So You Think You Can Scale Up Autonomous Robot Data Collection?

A long-standing goal in robot learning is to develop methods for robots to acquire new skills autonomously. While reinforcement learning (RL) comes with the promise of enabling autonomous data collection, it remains challenging to scale in the real-world partly due to the significant effort required for environment design and instrumentation, including the need for designing reset functions or accurate success detectors. On the other hand, imitation learning (IL) methods require little to no environment design effort, but instead require significant human supervision in the form of collected demonstrations. To address these shortcomings, recent works in autonomous IL start with an initial seed dataset of human demonstrations that an autonomous policy can bootstrap from. While autonomous IL approaches come with the promise of addressing the challenges of autonomous RL as well as pure IL strategies, in this work, we posit that such techniques do not deliver on this promise and are still unable to scale up autonomous data collection in the real world. Through a series of real-world experiments, we demonstrate that these approaches, when scaled up to realistic settings, face much of the same scaling challenges as prior attempts in RL in terms of environment design. Further, we perform a rigorous study of autonomous IL methods across different data scales and 7 simulation and real-world tasks, and demonstrate that while autonomous data collection can modestly improve performance, simply collecting more human data often provides significantly more improvement. Our work suggests a negative result: that scaling up autonomous data collection for learning robot policies for real-world tasks is more challenging and impractical than what is suggested in prior work. We hope these insights about the core challenges of scaling up data collection help inform future efforts in autonomous learning.

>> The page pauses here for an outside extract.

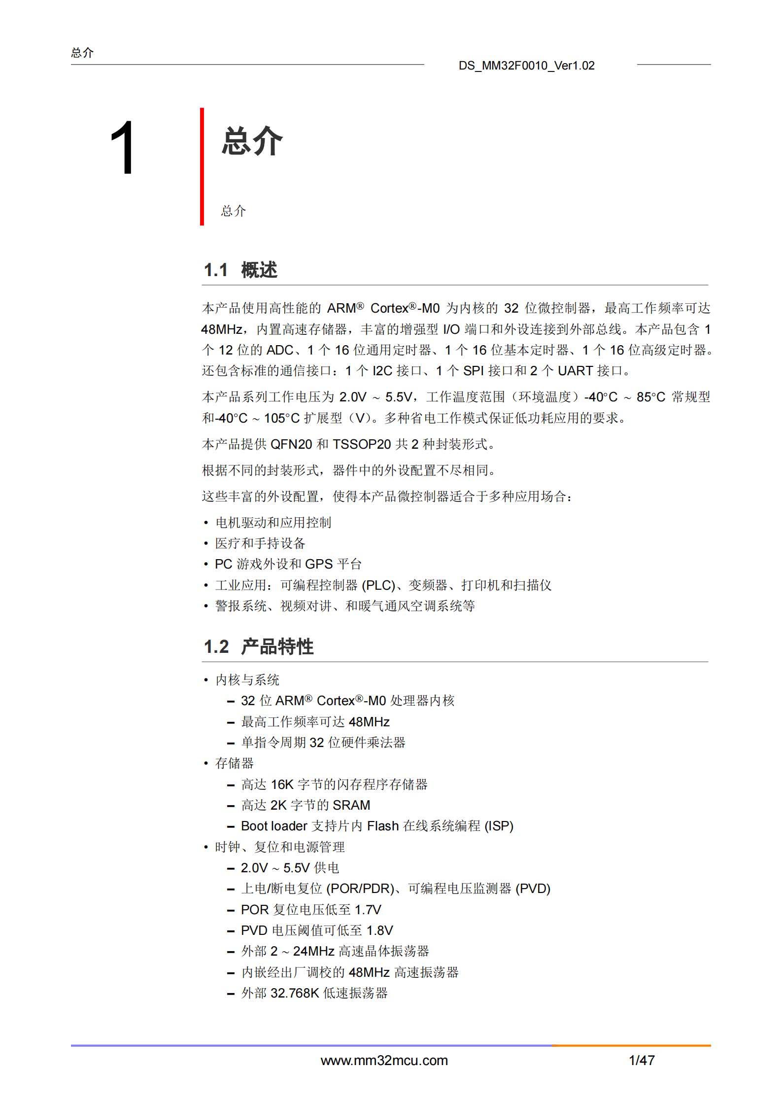 灵动微MM32F0010 32位单片机,内部集成Cortex-M0内核,最高工作频率达48MHz,用于端口功率分配。

翻译：机器人学习领域的一个长期目标是开发使机器人能够自主获取新技能的方法。尽管强化学习（RL）有望实现自主数据收集，但在现实世界中扩展仍然具有挑战性，部分原因是环境设计和仪器化需要大量工作，包括设计重置函数或精确的成功检测器。另一方面，模仿学习（IL）方法几乎不需要环境设计工作，但需要大量人类监督，以收集演示的形式进行。为了解决这些缺点，自主IL的最新研究从人类演示的初始种子数据集开始，自主策略可以从中进行引导。尽管自主IL方法有望解决自主RL以及纯IL策略的挑战，但在这项工作中，我们认为这些技术并未兑现这一承诺，并且仍然无法在现实世界中扩展自主数据收集。通过一系列现实世界实验，我们证明这些方法在扩展到现实环境时，面临与先前RL尝试中许多相同的扩展挑战，尤其是在环境设计方面。此外，我们对自主IL方法在不同数据规模和7个模拟及现实任务中进行了严格研究，结果表明，虽然自主数据收集可以适度提高性能，但仅仅收集更多人类数据通常能带来显著更大的改进。我们的工作提出了一个负面结果：为学习现实世界任务的机器人策略而扩展自主数据收集，比先前工作中所暗示的更具挑战性且不切实际。我们希望这些关于扩展数据收集核心挑战的见解，能为未来自主学习的努力提供参考。